What you have to do
For this exercise, output exactly the lines from the opening line of the listing through the line with "Клеёнка на тканевой", skipping pictures.

Collected material

◆ ◆ ◆ ◆ ◆

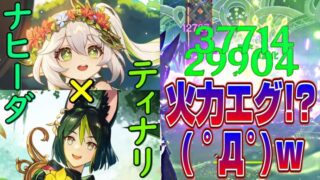 今回はナヒーダとティナリを編成したパーティーを使ってみたら思っていた以上に無凸ティナリが暴れだしたのでその様子を紹介します!
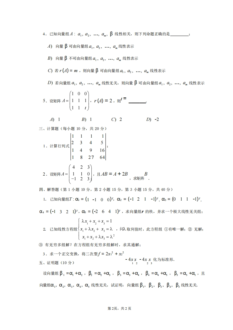 河南农业大学《线性代数》2021-2022学年第二学期期末试卷猴哥13天前发布关注私信0.25MB2页02213河南农业大学《线性代数》2021-2022学年第二学期期末试卷此内容为免费资源,请登录后查看¥0 登录查看免费资源 第1页 / 共2页 第2页 / 共2页 已完成全部阅读,共2页 © 版权声明文章版权归作者所有,未经允许请勿转载。THE END《河南农业大学》期中期末历年真题期末试卷 喜欢就支持一下吧点赞13赞赏 分享QQ空间微博QQ好友海报分享复制链接收藏
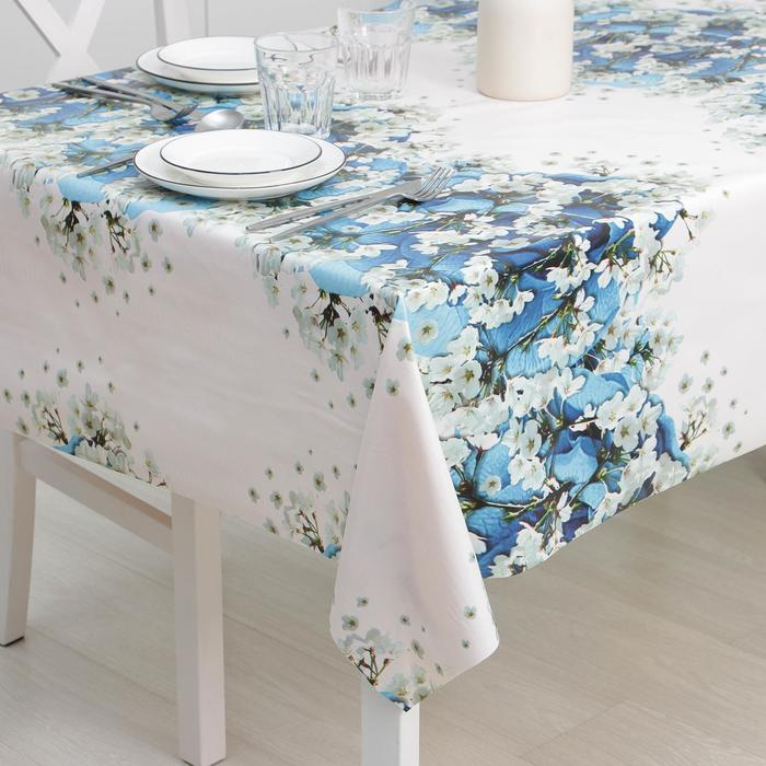 Клеёнка на тканевой основе «Синие розы» в 3–4 раза прочнее обычных аналогов. Такой материал не мнётся и не деформируется. ПВХ-основа делает клеёнку максимально простой в уходе. Любая грязь устраняется быстро: с помощью простой влажной тряпочки вы без особых усилий приведёте стол в порядок.
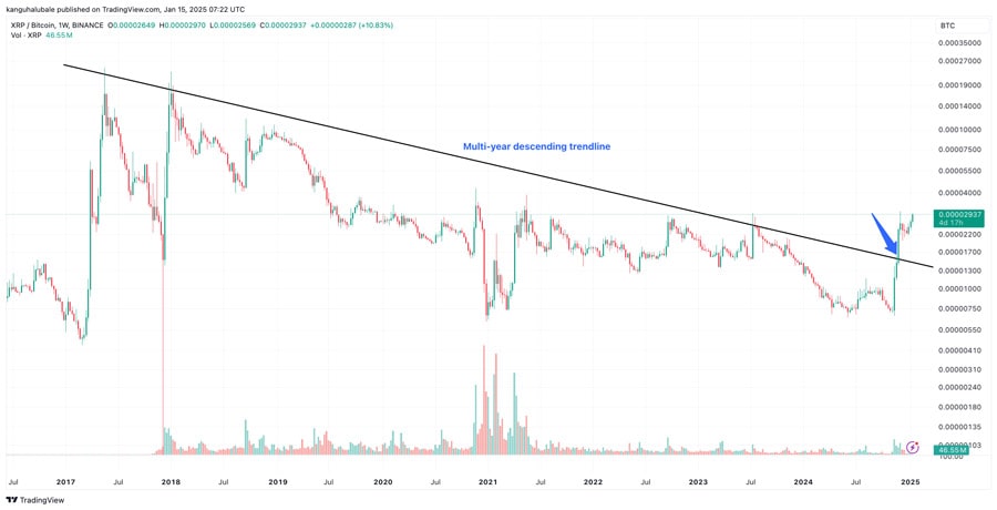 در کنار این، در نمودار XRP/BTC یک مقاومت نزولی ۸ ساله شکسته شده که بیانگر ارتقا موقعیت این آلتکوین در برابر بیتکوین است. تعداد دارندگان ریپل نیز در سال ۲۰۲۵ با افزایشی ۵۸۰۰۰ نفری همراه بوده که این امر بیانگر تعهد قوی جامعه به نگهداری این رمز ارز است.

◆ ◆ ◆ ◆ ◆

Finished exercise
 今回はナヒーダとティナリを編成したパーティーを使ってみたら思っていた以上に無凸ティナリが暴れだしたのでその様子を紹介します!
 河南农业大学《线性代数》2021-2022学年第二学期期末试卷猴哥13天前发布关注私信0.25MB2页02213河南农业大学《线性代数》2021-2022学年第二学期期末试卷此内容为免费资源,请登录后查看¥0 登录查看免费资源 第1页 / 共2页 第2页 / 共2页 已完成全部阅读,共2页 © 版权声明文章版权归作者所有,未经允许请勿转载。THE END《河南农业大学》期中期末历年真题期末试卷 喜欢就支持一下吧点赞13赞赏 分享QQ空间微博QQ好友海报分享复制链接收藏
 Клеёнка на тканевой основе «Синие розы» в 3–4 раза прочнее обычных аналогов. Такой материал не мнётся и не деформируется. ПВХ-основа делает клеёнку максимально простой в уходе. Любая грязь устраняется быстро: с помощью простой влажной тряпочки вы без особых усилий приведёте стол в порядок.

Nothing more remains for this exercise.